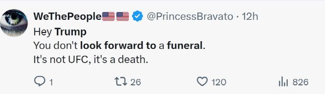 X 등 SNS에는 “기대되는 장례식이 세상에 어디있나?”, “멍청하다”, “사악하다” 등 트럼프가 쓴 표현에 문제를 지적하는 글들이 넘쳐났다. 1주 전 트럼프가 종합격투기 UFC 경기를 보러 간 것을 겨냥해 “UFC 보러 가는게 아니다. 이건 죽음에 대한 것”이라며 조롱하는 글도 보였다.
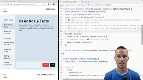 00:00 To start, let's get rid of this comment right here. We're basically saying TypeScript, I know you're trying to let me know how terrible my life is, but I'm going to shut you up. No, we don't want to do that. TypeScript is only there to be helpful. What it's saying is, this update accepts data for the title and content. The title and content could be a couple of
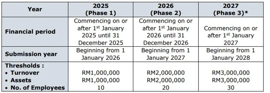 (1) If your company has a financial year ending on 31 December, Practice Directive 3/2017 will apply to financial statements for the year ending 31 December 2024. The new guideline, Practice Directive 10/2024, will take effect for financial statements for the financial year ending 31 December 2025, covering the period from 1 January 2025 to 31 December 2025. However, the threshold criteria will be implemented gradually, as outlined below.
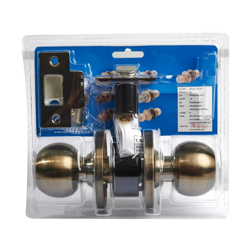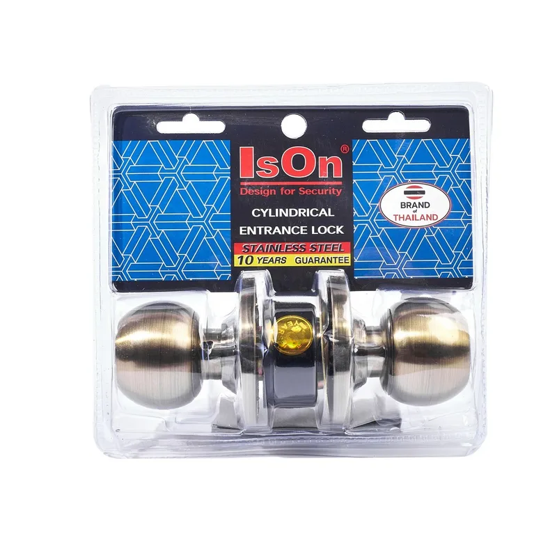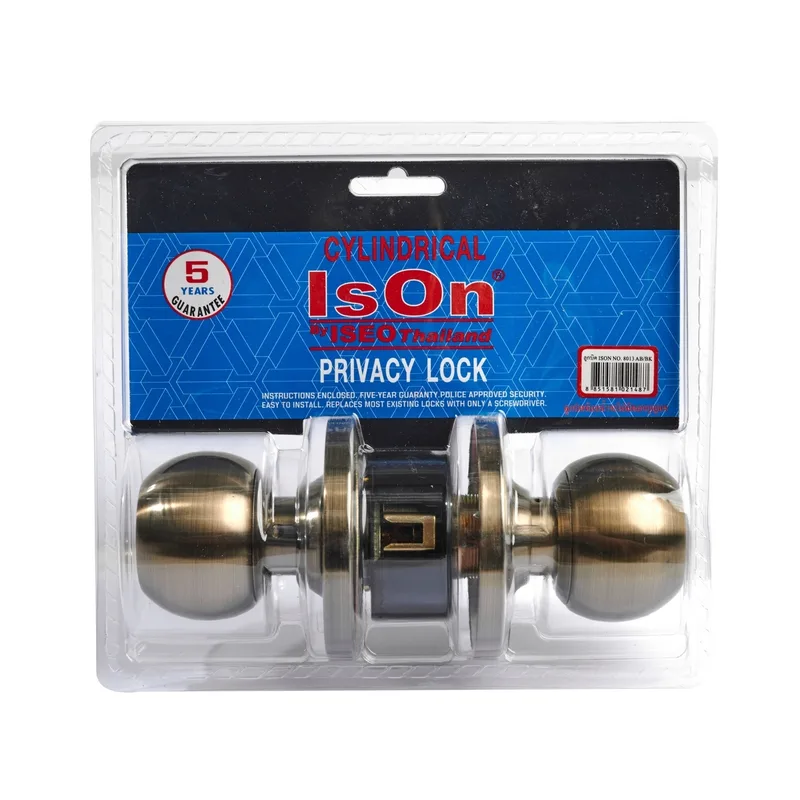 ISON ลูกบิดประตูห้องน้ำ หัวกลม จานใหญ่ รุ่น 8013-AB-BK วัสดุตัวเรือนทองเหลือง ขนาดจาน 75 มม. (อีสออน)

==============================

» Your objective
Return only the lines from the start of the data through the line that contains "00:00 To start, let's", please, copying them exactly and omitting all pictures.

» Completed task
 X 등 SNS에는 “기대되는 장례식이 세상에 어디있나?”, “멍청하다”, “사악하다” 등 트럼프가 쓴 표현에 문제를 지적하는 글들이 넘쳐났다. 1주 전 트럼프가 종합격투기 UFC 경기를 보러 간 것을 겨냥해 “UFC 보러 가는게 아니다. 이건 죽음에 대한 것”이라며 조롱하는 글도 보였다.
 00:00 To start, let's get rid of this comment right here. We're basically saying TypeScript, I know you're trying to let me know how terrible my life is, but I'm going to shut you up. No, we don't want to do that. TypeScript is only there to be helpful. What it's saying is, this update accepts data for the title and content. The title and content could be a couple of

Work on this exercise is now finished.